Even if you can, it does not mean you should.
The debate on the ethics of artificial intelligence is becoming more and more dynamic, and many researchers and policymakers are competing to create robust and practical frameworks for truly reliable or “trustworthy” systems of artificial intelligence. In the last two years, we have seen many publications by international organizations, local authorities, and top-tier researchers from around the globe that aim to propose a universal set of norms and values that should be applied at every stage of development.
J. Fjeld and other authors did excellent work in 2020 when they checked what principles are most welcomed and how they are being implemented and “executed” by relevant stakeholders. They concluded that “[t]he eight themes that surfaced in this research – Privacy, Accountability, Safety and Security, Transparency and Explainability, Fairness and Non-discrimination, Human Control of Technology, Professional Responsibility, and Promotion of Human Values – offer at least some view into the foundational requirements for AI that is ethical and respectful of human rights. However, there’s a wide and thorny gap between articulating these high-level concepts and their actual achievement in the real world”. Indeed, even though two years have passed, not much has changed regarding the application of ethical AI. Many organizations are complying with legal and regulatory requirements, such as GDPR in Europe. Still, they do not follow the norms and values they sometimes include in ethical or similar guidelines or principles that should apply to the company.
It does not mean that entities (or, to be more precise – their representatives) are not eager to apply such rules but rather due to a lack of understanding of the difference between ethics and legal or regulatory compliance. Many privacy and data protection regulations are clear (and similar in many regions) regarding the lawfulness of data processing. Before processing data, including for modelling, you must be sure that you have at least:
1. Clearly defined purpose of processing.
2. Categorized data and datasets.
3. (Informed) Consent by the data subject or other legal grounds for processing data corresponding with the purpose of processing.
4. Confidence that no exclusions may apply, e.g., to sensitive data.
Suppose your checklist includes all “yeses,” and you ensured that the processes were checked and confirmed by the legal and compliance (and data stewards). In that case, you MAY be ready to enter the next stage – modelling – which will be followed by validation and testing. With some luck, you will be able to deploy your AI systems soon. Sounds pretty good and effective, so why should you care about OTHER aspects of the AI’s life cycle? Because using someone’s data is not only legal responsibility but also an ethical one.
You may ask – why should I care about “responsible” or “ethical” aspects if I have all legal and regulatory checkboxes crossed? Let me cite J. Martnes:
“(…) if you obtain access to such data [could be sensitive data, i.a. behavioral data], should you use it? Once more, a balancing act has to be achieved between the ability to move research forward [or do business] by developing and validating algorithms using real-life data versus the extent to which personal and sensitive data are contained in such data and how they have been obtained”.
You may be able to gather informed consent from users that haven’t read a single paragraph of your Terms & Conditions and apply some anonymizing practices (including k-anonymity). Still, it does not necessarily mean that the data should be used for a specific application. Data is the source of sensitive information, and using such information may not always be ethical. I do not want to give real-world examples, but many social media platforms have been hit by authorities and the public for legal yet not ethical practices they applied. But even though you are sure that the particular use of data and – what is even more critical – the outcome of processing is ethically “ok,” you should always consider additional transparency regarding the groups affected by the AI system.
Users are usually unaware of the purposes and entities their data will be used and shared. As a controller of such data, you may say that you have consented to our T&S and gave “informed” consent so we may use your data almost freely. Yes, you certainly can. The question is whether you should, even if legal and regulatory requirements are fulfilled. Users, at least most of them, are clicking “yes” because they expect “free” products and services. Still, at the same time, they also hope that the data they share will be used to process such products and services (and maybe improve such outcomes) but not for other ethically dubious purposes. Yes, you are right – they should read T&C or at least consent, but how many companies (data processors and controller) enable user-friendly content in this domain?
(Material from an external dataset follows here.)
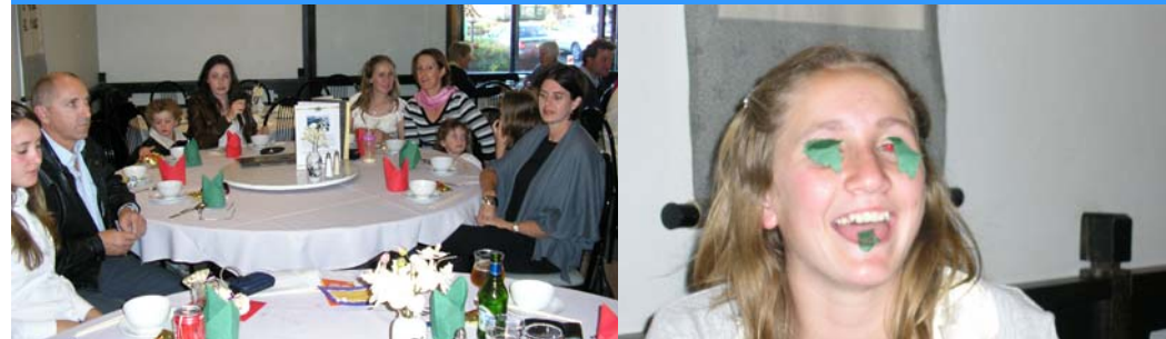
The occasion was sad and happy so the tears flowed and the laughter was loud.

This is an integral part of the “transparency” requirement linked to privacy and data protection that goes beyond simple legal and regulatory requirements.
Should I, therefore, use the data I have received from my customers or users? Ethical artificial intelligence or, to be more precise – ethical data processing – requires two principles to be applied at every stage of the life cycle:
1. Proportionality and
2. Risk-based approach.
Both principles are used in “technology-driven” regulations and should be understood as follows – always think about the consequences of your actions and ensure that you apply adequate tools and safeguards. In addition, think about unforeseen (at moment) consequences that may negatively affect the data subject and model subjects. Various scenarios, including data leaks and data breaches, may help you to open your eyes and apply a more rigorous or conservative approach that could be more suitable. This should be your team's “mantra” at every stage of thinking about data. This is how data-driven and responsible entities work.
PS. In upcoming articles, I will elaborate more on both principles of proportionality and the risk-based approach.